Après avoir eu l’insigne honneur d’être sur la fameuse liste noire de McCarhty, le réalisateur américain Joseph Losey a dû fuir les Etats-Unis pour travailler en Europe, et notamment en Angleterre où il signera notamment trois chefs d’oeuvre avec Harold Pinter : « The Servant » (1963), « Accident » (1967) et « The Go-Between » (1971).
Un an après « The servent » qui a connu un beau succès public et critique, et sur un thème similaire à celui de Kubrick pour « Path of Glory » (1957), Joseph Losey décide de filmer l’histoire de Hamp, jeune soldat britannique de 23 ans accusé de désertion.
« King and country » est un film à petit budget (86.000 livres), filmé en 18 jours, co-produit par Losey lui-même et qui se déroule intégralement dans les tranchées.
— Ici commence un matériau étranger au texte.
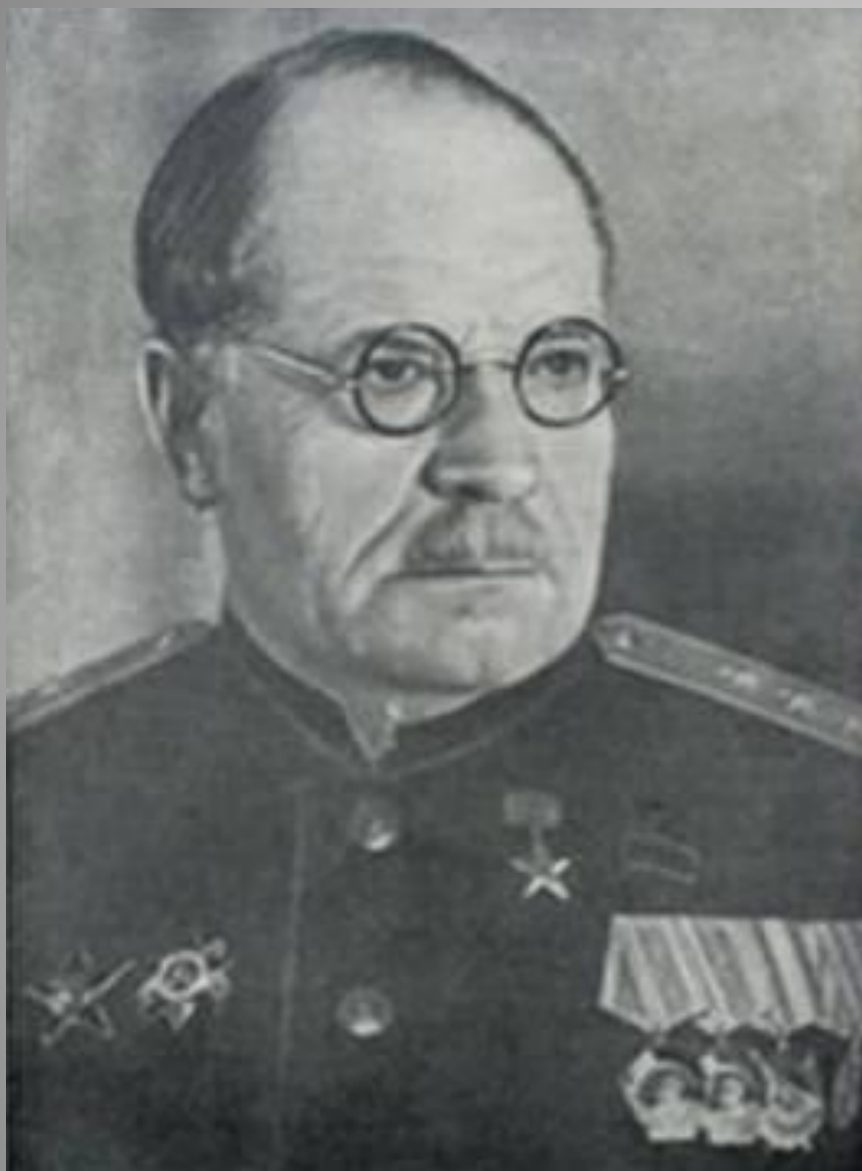
Николай Нилович Бурденко

Pendant tout le film, tourné dans un superbe noir et blanc, nous allons donc arpenter ces tranchées, plongées dans une obscurité permanente, avec pour bande son le bruit assourdissant de la pluie qui n’en finit plus de tomber par torrent, le bruit des canons, l’harmonica de Hamp, et les voix et cris des humains perdus dans cet enfer recouvert de boue. Nous verrons à peine l’extérieur des tranchées (représentées par des photos noir et blanc ou de courtes séquences animées qui illustrent tel ou tel dialogue), jamais un bout de ciel.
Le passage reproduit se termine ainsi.